In 2012, a different lobopodian fossil was discovered from the Carboniferous (about 305 million years old) sediments of the Mazon Creek in Illinois, US. Joachim T. Haug, Georg Mayer, Carolin Haug, Derek E.G. Briggs gave the name Carbotubulus waloszeki. In 2018, Thanahita distos was described by Derek J. Siveter, Briggs, David J. Siveter, Mark D. Sutton and David Legg from the Coalbrookdale Formation (Herefordshire Lagerstätte) at the England–Wales border in UK. Dated to about 430 million years old, it is the only known extinct lobopodian in Europe and the first Silurian lobopod known worldwide.

== Description ==
Hallucigeniid worms are elongated, soft-bodied animals characterised by several pairs of stumpy legs known as lobopods, for which they are included in the larger but informal group of animals, Lobopodia.
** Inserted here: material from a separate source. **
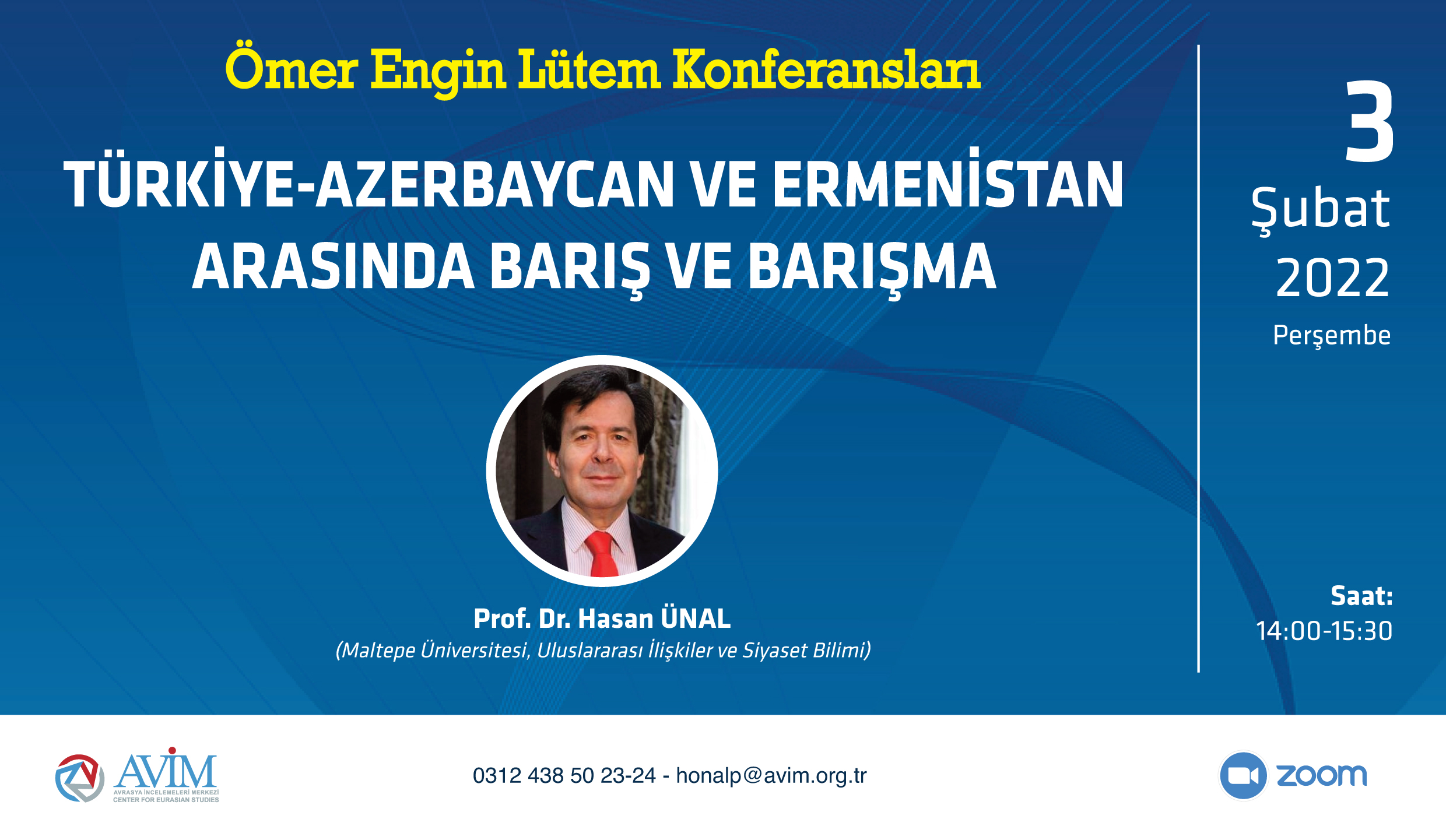 2022 yılı Ömer Engin Lütem Konferansları'nın ikincisi, Prof. Dr. Hasan Ünal’ın konuşmacı olduğu “Türkiye-Azerbaycan ve Ermenistan Arasında Barış ve Barışma” başlıklı konferans 3 Şubat 2022 Perşembe günü gerçekleşmiştir.

Their body can be described in three parts: the head, neck, and the trunk. The head bears a pair of eyes. The neck can be prominent in some species such as T. distos in which it bears two pairs of small legs. The trunk is the longest part of the body and contains several pairs of legs on the frontal (ventral) side and several pairs of spines on the back (dorsal) side. Each legs has terminal claws. C. catenulum, measuring 2.5 cm long, bears about 25 pairs of legs.

T. distos, though incomplete, is the longest with 3 cm body length and bears at least nine pairs of legs. Hallucigenia species are highly diverse in body sizes, H. fortis is only about 1 cm long, H. hongmeia is intermediate with about 3 cm in length, and H. sparsa being the longest measuring 5.5 cm.